> [Your goal] Transcribe exactly, leaving out pictures, the lines from the one that holds "Let’s focus on" through the end of the data below, including both end lines and no others.

> [Data below]
====================

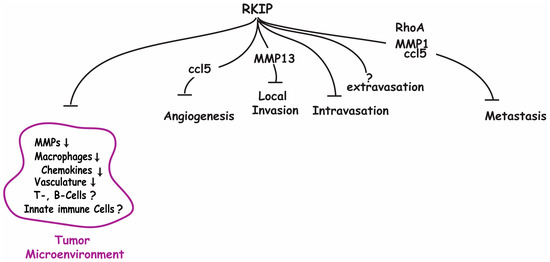 A schematic summary of the causal role of RKIP on the expression and effects of several proteins known to modulate the TME, and the metastasis cascade.
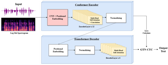 Based on the output obtained through the conformer encoder, the decoder generates the output text sequence. Using the MHSA mechanism, the decoder selectively emphasizes important information from the speech sequence during text generation. In this process, CTC learns the alignment between the output of the encoder and the text sequence, ultimately generating the final output text.
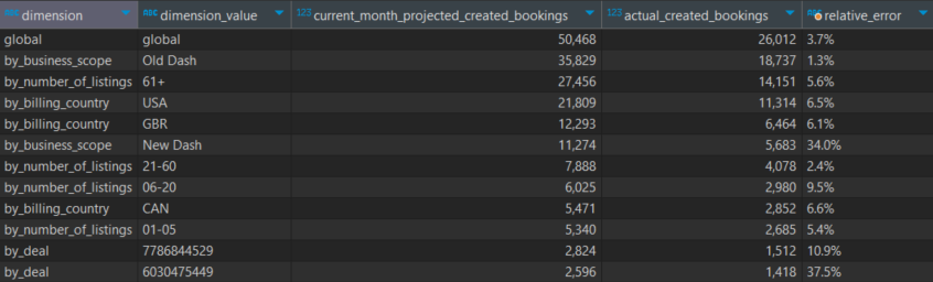 Let’s focus on the first row: this user has 19 active listings, from which 1 has an Upgraded Program and the rest, 18, have Basic Screening. This results into an Upgraded Listings Rate of 5.3% (1 divided by 19). This user has generated a total of 584 bookings, from which 80 have an upgraded program. However, the remaining 504 bookings are Basic Screening-only, which results into an Upgraded Booking Rate of 13.7%.
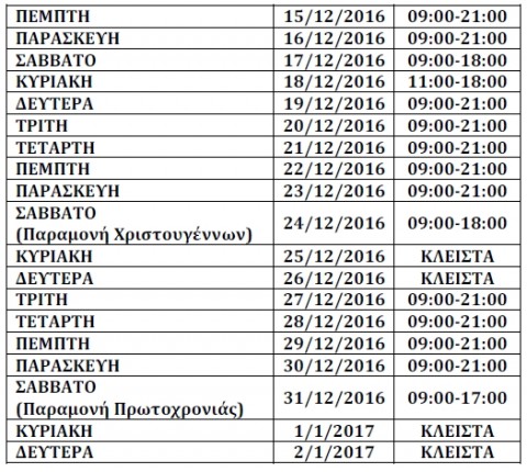 Από τον Εμπορικό Σύλλογο Θεσσαλονίκης ανακοινώθηκε το κάτωθι ωράριο λειτουργίας των εμπορικών καταστημάτων, κατά την διάρκεια των εορτών(φωτο 2)

====================

> [The answer]
 Let’s focus on the first row: this user has 19 active listings, from which 1 has an Upgraded Program and the rest, 18, have Basic Screening. This results into an Upgraded Listings Rate of 5.3% (1 divided by 19). This user has generated a total of 584 bookings, from which 80 have an upgraded program. However, the remaining 504 bookings are Basic Screening-only, which results into an Upgraded Booking Rate of 13.7%.
 Από τον Εμπορικό Σύλλογο Θεσσαλονίκης ανακοινώθηκε το κάτωθι ωράριο λειτουργίας των εμπορικών καταστημάτων, κατά την διάρκεια των εορτών(φωτο 2)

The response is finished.